W4-Machine Learning Modeling Pipelines in Production Flashcards
At a high level, there are two main ways to analyze the performance of your model. ____ and ____.
Black-box evaluation,
Model introspection
What’s the difference between black-box evaluation and model introspection for performance analysis
In black-box evaluation, you generally don’t consider the internal structure of the model. You’re just interested in quantifying the performance of the model through metrics and losses. This is often sufficient within the normal course of development. But if you’re interested in how the model is working internally, maybe looking for ways to improve it. You can apply various model introspection methods.
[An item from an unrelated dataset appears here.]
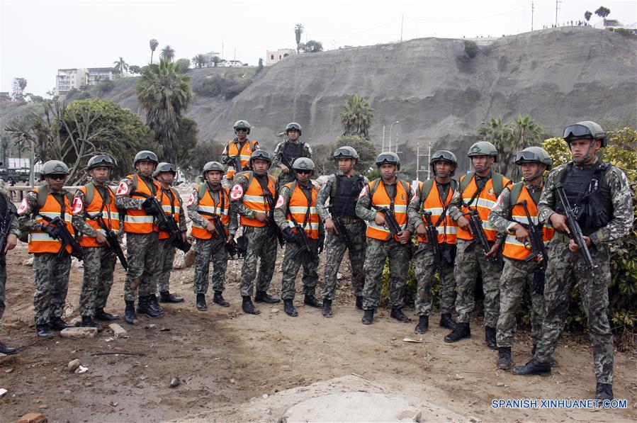 Soldados del Ejército peruano participan en el ejercicio de respuesta rápida ante desastres "Olas Solidarias", en la playa de Agua Dulce del distrito de Chorrillos, provincia de Lima, Perú, el 24 de noviembre de 2018. De acuerdo con información de la prensa local, las fuerzas navales de Perú y Estados Unidos llevaron a cabo el ejercicio "Olas Solidarias", donde participaron también integrantes del Ejército, la Fuerza Aérea, la Policía Nacional, el Cuerpo General de Bomberos, y el Ministerio de Salud, entre otros, en un simulacro de terremoto de 8.5 grados de magnitud con epicentro frente a las costas Lima y alerta de tsunami. (Xinhua/Luis Camacho)

____ is an example of a tool for black-box evaluation.
TensorBoard
Top-level metrics can hide problems with specific parts of the data. True/False
True
What does TFMA do?
TFMA is an open-source, scalable framework that includes built-in capabilities to
* check model quality standards,
* visualize evaluation metrics,
* and inspect performance on different slices of data.
What’s the difference between TensorBoard and TFMA?
TensorBoard is used for analyzing the training process and TFMA used for deep analysis of the finished trained model.
To use TFMA, you don’t need to train your model and generate a saved model object. True/False
False, you do need to train the model and save it first.
If you train your model in a TFX pipeline, then the pre-processing and feature engineering done during training will already be included in your saved model. However, if you did not train in TFX, you will need to apply the same pre-processing manually.
you need to create an eval_config object that encapsulates the requirements for TFMA. This includes defining the ____ and the ____.
slices of your dataset,
metrics that you want to use for analyzing your model
What’s model robustness?
Model robustness refers to the ability of a model to consistently provide accurate results even when the features change drastically.
Robustness cannot be measured during training, and a separate validation or test set should be used for measuring robustness. True/False
True
What’s sensitivity analysis?
Sensitivity analysis involves examining the impact of individual features on a machine learning model’s prediction by changing a single feature’s value while holding the others constant.
What are adversarial examples?
Adversarial examples are inputs created to confuse a neural network resulting in misclassification. (to simulate an adversarial attack)
The attack involves adding noise to an image that is indistinguishable to the human eye but causes the model to misclassify the image.
What are some ways to improve model robustness?
Ways to improve model robustness:
* Ensure training data accurately mirrors requests that model receives
* Use data augmentation techniques to help model generalize and correct for unbalanced data
* Understand inner workings of model to improve interpretability and robustness
* Use model editing to tweak model for better performance and robustness
* Apply model assertions to ensure results meet business rules and sanity checks
What’s model remediation?
Model remediation refers to techniques used to improve the robustness, performance, and fairness of machine learning models. This includes methods such as data augmentation, model interpretation, model editing, model assertions, bias reduction techniques, and constant monitoring of models to ensure they remain accurate, fair, and secure. The goal of model remediation is to make sure that machine learning models are reliable and useful in real-world applications, and that they don’t perpetuate or exacerbate biases and discrimination.
It’s important to identify slices of data that are sensitive to fairness and measure model performance on those slices to avoid hiding fairness problems with particular groups of people. True/False
True
Conduct various fairness tests on all available slices of data, evaluate fairness metrics across multiple thresholds, and consider reporting the rate at which the label is predicted for predictions without a good margin of separation from decision boundaries.